Decentralized networks must also fight against the gravity of centralization. From a technological standpoint, there are economies of scale and a natural desire to optimize. Sociopolitically, it can be challenging to determine whether a network is adequately representative and if it will be able to resist the accumulation of power by certain groups or individuals. For example, governance based on the number of token holdings can lead to a plutocratic system. Voter apathy and concentration of expertise may cause some participants to abstain from voting, follow the opinions of others, or sell their votes to the highest bidder. There are also network effects that can result in points of failure and less space for “human agency.” (Cunningham 2016) Therefore, it is simply not enough for anyone to be able to participate.

Moving forward

The term decentralization is commonly used as a revolutionary call to limit perceived abuses of power. However, it is a necessary, not sufficient, condition for change. Ultimately, it is a means to achieve censorship resistance and representativeness.
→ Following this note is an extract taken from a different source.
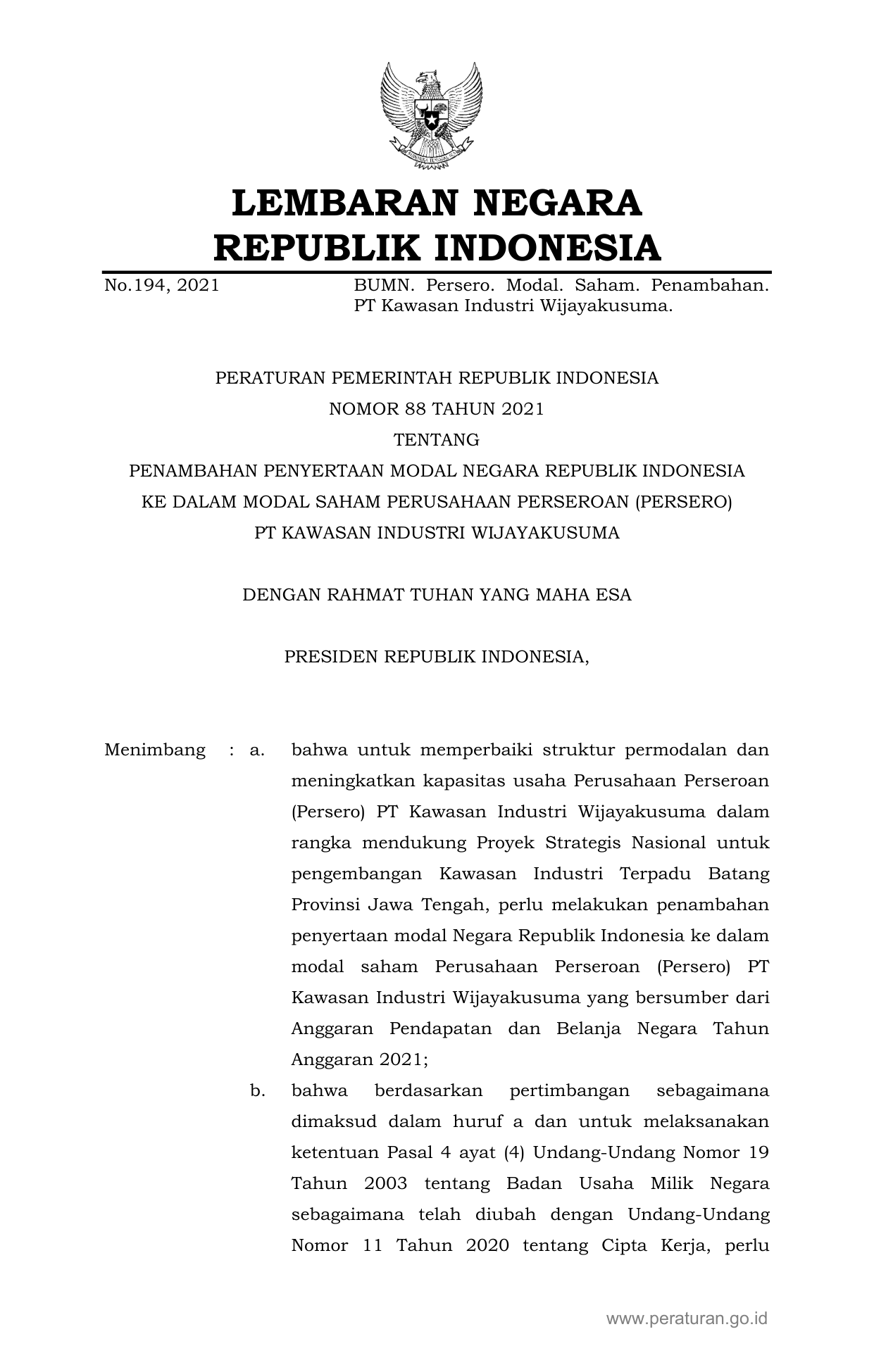 PP Nomor 88 Tahun 2021 | Peraturan Pemerintah Nomor 88 Tahun 2021 tentang PENAMBAHAN PENYERTAAN MODAL NEGARA REPUBLIK INDONESIA KE DALAM MODAL SAHAM PERUSAHAAN PERSEROAN (PERSERO) PT KAWASAN INDUSTRI WIJAYAKUSUMA

As we have demonstrated, these are complex objectives. There is a diverse array of participants, who are free to enter or exit at any time, working together across different states of the world, among adversaries, and against emergent centralization in a less than ideal format for making decisions. Thus, we must thoroughly evaluate how centralized or decentralized something needs to be given the costs and priorities. Decentralization does allow for the potential to tap a global network of ideas and talent. As Joy’s law states, “no matter who you are, most of the smartest people work for someone else.”3 However, it does not inherently result in more equitable outcomes or better products for users. In fact, it can easily result in the opposite if it is a hollow promise or not pursued rigorously and adaptively. 

We must also assess decentralization at the macro level. The likely conclusion will be that the optimum lies closer to the middle of the spectrum than it is to maximal centralization or decentralization.  As Bair (2018) writes, “[o]ver-centralization is the enemy,” but “under-centralization is the enemy as well.” So, while extreme decentralization may be a rational response to an overly centralized internet, it should be used to restore that equilibrium and serve as a check on excessive accumulations of power in the future.

1 Inspired by Yahya (2018).
In practice, censorship resistance and representativeness do not need to be treated as mutually exclusive.
Quote also used in Chris Dixon’s “Why Decentralization Matters."

Bair, T. (2018). The True Enemy of Decentralization.
Sukernik, L. (2018). Sovereign-grade and Platform-grade Censorship Resistance.
Cunningham, A. (2016). Decentralisation, Distrust & Fear of the Body of Crypto-Law. SCRIPTed, 13 (3), 235–257.
Jennings, M. (2022). Decentralization for Web3 Builders: Principles, Models, How To.